I was hoping, though, that someone could say that they've successfully made these steps and gotten the combined VPN w/ certs + MFA to work first!  Especially since the comments from the first link above says that even working with a Fortinet Partner they weren't able to get it working.

 

If anybody can recommend using the VPN client from FortiClient 5.6.2 or 5.4.4 (on Windows 10) that would also be helpful.

emnoc
Esteemed Contributor III

I would go with   the latest , as far as doing it.
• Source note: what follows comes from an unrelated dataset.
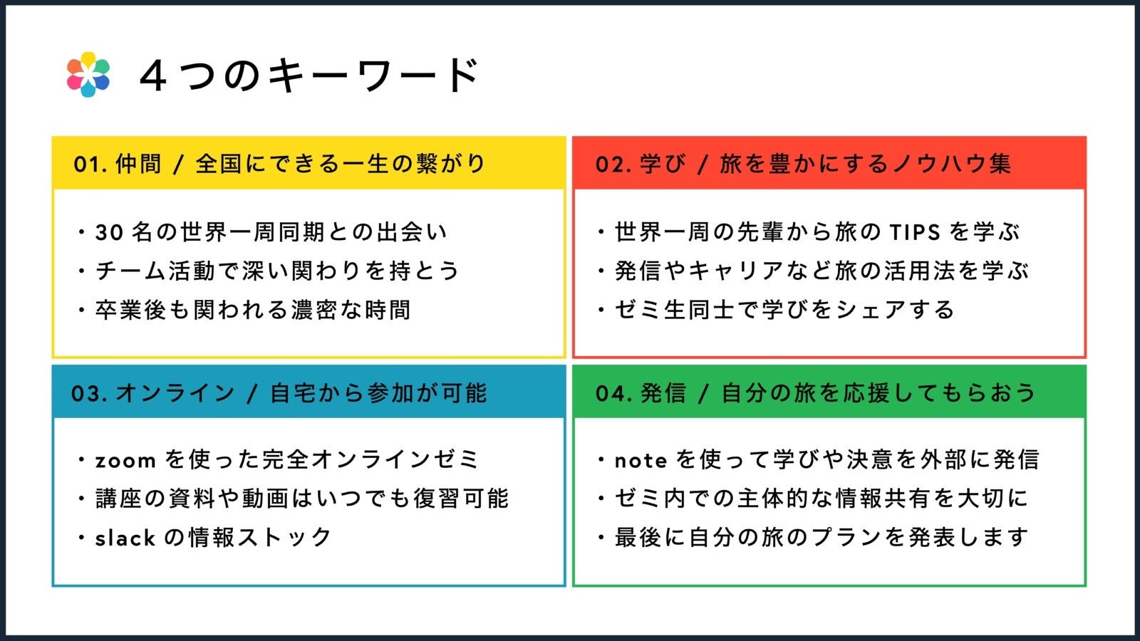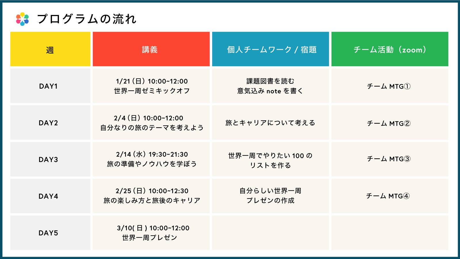 世界一周ゼミは全5回、50日間のプログラムです。参加者が様々な形の「世界一周」について考え、世界一周の準備を確認し、旅に出る前の不安を整理し、旅の面白さ、旅とキャリアについて考えていきます。ざっくり言えば「旅について・人生について真剣に楽しく考える場」です。直近で世界一周に行こうと思っている人、学生から社会人まで色んな人が集まる濃いコミュニティ(面白いコミュニティ)です。
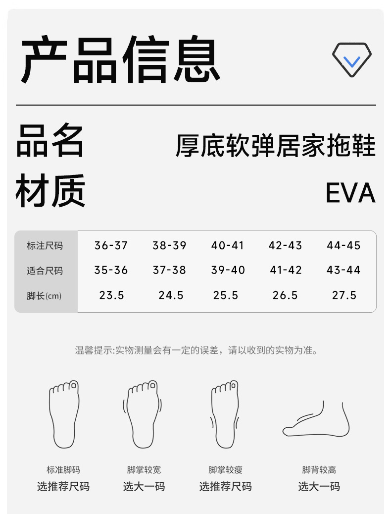 温馨提示:EVA材质拖鞋需避免高温暴晒,长时间高温会导致鞋子产生变形。

Numerous others have setup certifcate with  SSLVPN and forticlient.

 

Fortitoken  activate is trivial  and should not need that much explanations.

 

PCNSE 

NSE 

StrongSwan  

PCNSE NSE StrongSwan
tanr
Valued Contributor II

I wasted a bit of time seeing how this might work with Fortigate 5.4.6 IPsec VPN and FortiClient 5.6.2.  Got past phase1 with certificates checked both directions, got matching phase2 proposals accepted, but FortiClient just wouldn't accept IPs from the FortiGate.  Not with DHCP over IPsec (with dhcp-ipsec enabled in p2), nor with Mode Config.  Couldn't even get it to work specifying the IPs myself in FortiClient.  Only way I could make it work was to set the IP statically in FortiClients nic adaptor, which isn't a usable option.  Oh, and for some reason IPsec FortiClient adds its route with a larger distance than the default, so the new route can never get hit anyway.  Maybe I should just try a different IPsec client.

 

Tried it with SSL VPN (non-standard port) and it worked immediately.  Route was added properly with a smaller distance.  Got it up and working with server and client certs, initially requiring a password on the PKI for the client cert, then changed it to still require an approved client cert for connection but to only allow users from a group of two-factor (FortiToken) users.  All well and good.

 

One question, though, regarding Fortinet's SSL VPN implementation.  We have two separate wan interfaces for two ISPs, each with multiple static IPs, that are members of a wan zone.  Though I only want to allow SSL VPN users to connect to one of the secondary IPs of one ISP, it appears that I can't specify something that granular.  Using the GUI, I can only specify listening on the wan zone.  I don't see an easy way of limiting this in the ssl settings from the CLI.  I did check that this actually allows me to use one of the other IPs to login -- not good.

 

I've restricted this for now with local-in-policy, blocking the non-standard SSL port for all but my desired IP.

 

My question: Is there a better way to do this in 5.4.x or 5.6.x? 

 

The only other solution I've seen mentioned was to use a VIP, but I'm not sure how that would work.  Maybe have FortiGate's SSL listen on a dummy internal interface that the VIP maps to from a public IP?

 

Thanks for your thoughts on this, and happy Friday.